Beat your egg whites until they reach soft peaks. To test this, lift the whisk out of the egg white mixture and if they hold firm, they have reached peak stage.
If a pavlova weeps, it is because the sugar was not incorporated into the egg whites properly. To avoid this, rub a small amount of the meringue mixture between your fingers and if you can feel granules of sugar, then you must keep whisking.
Even a drop of egg yolk in the mixture will ruin it, so best to separate each egg individually into a small bowl before adding to the mixing bowl to avoid catastrophe.
A perfectly dry bowl and utensils are key to the perfect pavlova. Moisture stops the air adding volume to egg whites.
Add your sugar slowly to the mixture, one spoon at a time to ensure a thick, glossy result.
Cool your pavlova in the oven you cooked it in, to avoid cracks and ensure a marshmallowy interior.
- 4 egg whites
- 110g caster sugar
- 2 tsp cornflour
- 1 tsp pure vanilla extract
- 2 tsp white malt vinegar
- 300ml cream
- Fruit of your choice
Preheat the oven to 150°C.
Line a baking tray with baking paper. Check that your bowl and whisk are dry and free of grease. Whisk the egg whites until stiff, then add the castor sugar, little by little at a time. Fold in the cornflour, vanilla extract and vinegar.

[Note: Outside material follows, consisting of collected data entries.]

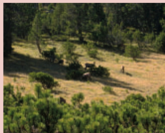
Gämsen auf Champlönch beim Pilzmahl

Die Sporen können keimen, wenn irgendwo, wie zum Beispiel auf Champlönch, gute Bedingungen herrschen und ein Baumsame in der Nähe keimt. Auf Champlönch gedeihen, aus noch nicht erforschten Gründen, vor allem Körnchenröhrlinge. Bestimmt fressen die Gämsen auch andere Pilze, doch deren Sporen scheinen in dieser Wiese nicht zu keimen. Mit Hilfe der Gämsen wurden also Pilze in die Wiese gebracht, und dadurch konnten darin Samen aus dem Wald keimen. Ganz langsam entwickelt sich aus der Wiese eine Savanne, und die Gämsen spielen bei dieser Landschaftsveränderung eine wichtige Rolle. Sie sind sozusagen «Natur-Landschaftsgärtner», denn ohne ihre Mithilfe würde der Wald noch langsamer und ausschliesslich vom Waldrand aus vordringen. Fressen Gämsen und Hirsche die jungen Bäume ab, haben wir gefragt. Nein, sie helfen bei der Wiederbewaldung, und diese geht sehr langsam, aber stetig voran. 🌱
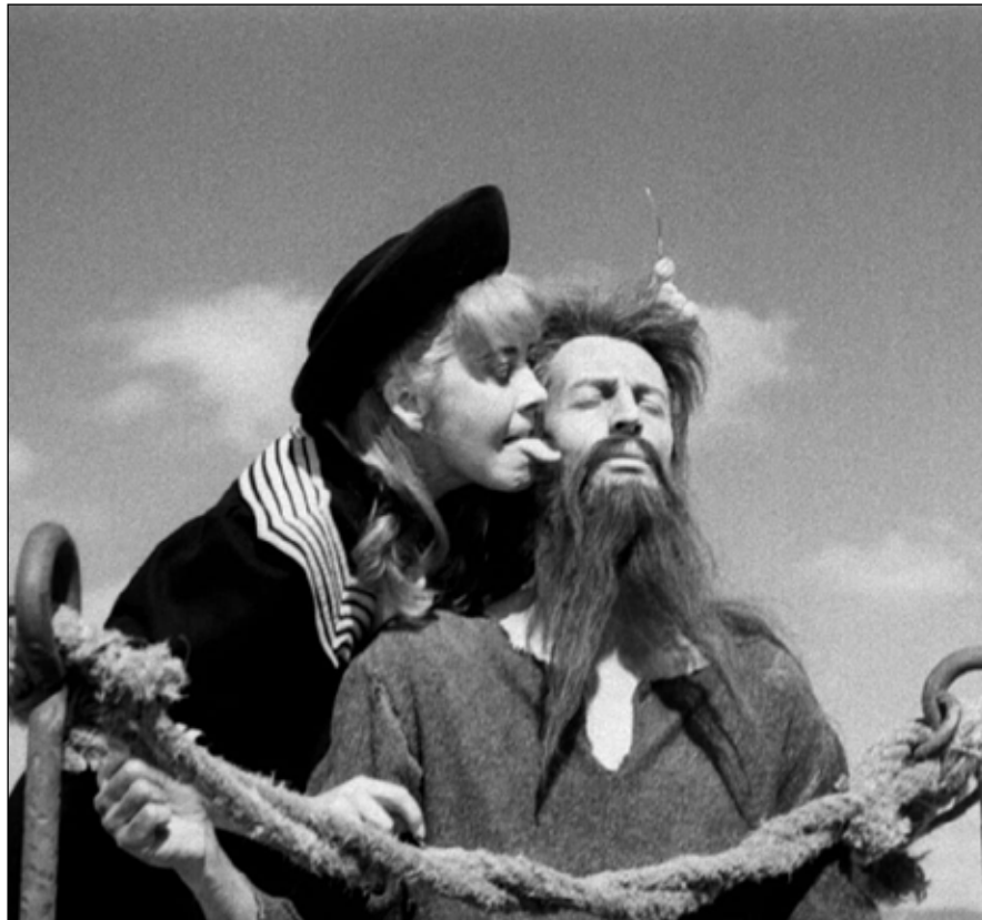
Simón del desierto (Luis Buñuel, 1965).
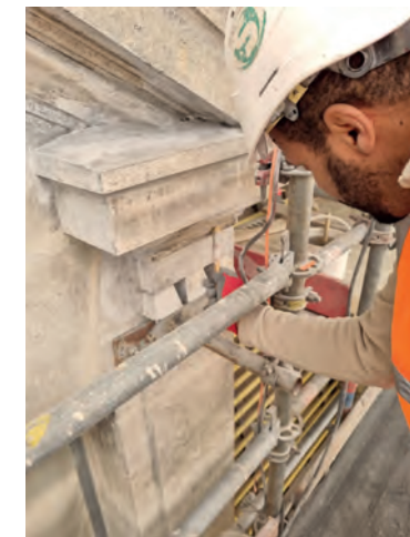
Des compagnons (tailleurs de pierre) restaurant les façades historiques de la gare de Lyon
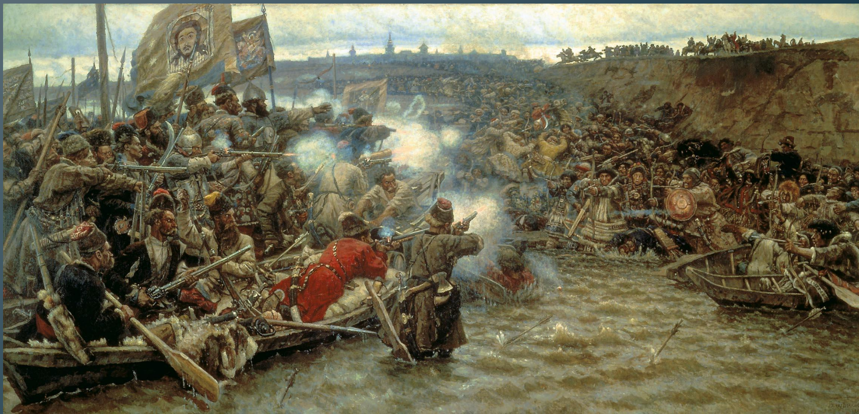
«Покорение Сибири Ермаком», Суриков.
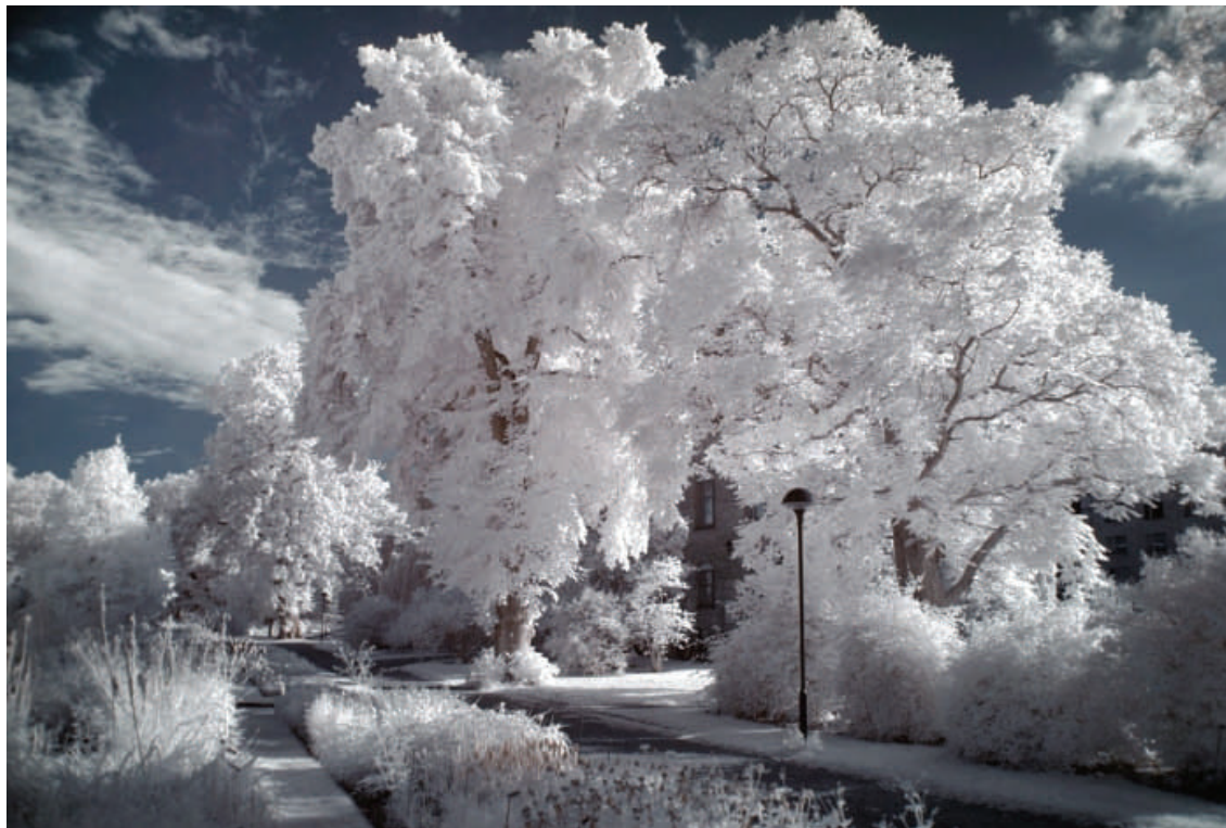
Székely János: Svédországi "tél" - fotó

Spread the meringue mixture onto a 9 inch (23cm) round or oval on the silicone paper. Bake in the centre of a preheated oven for 45 minutes.
Then turn off the oven and leave for a further hour to dry out and crisp. Cool on a wire rack and peel off the paper. Remove from the oven and peel off the paper. Cool on a wire rack. Allow to get quite cold.
To serve, whip the cream softly, smother the pavlova with cream and decorate the top fruit of your choice.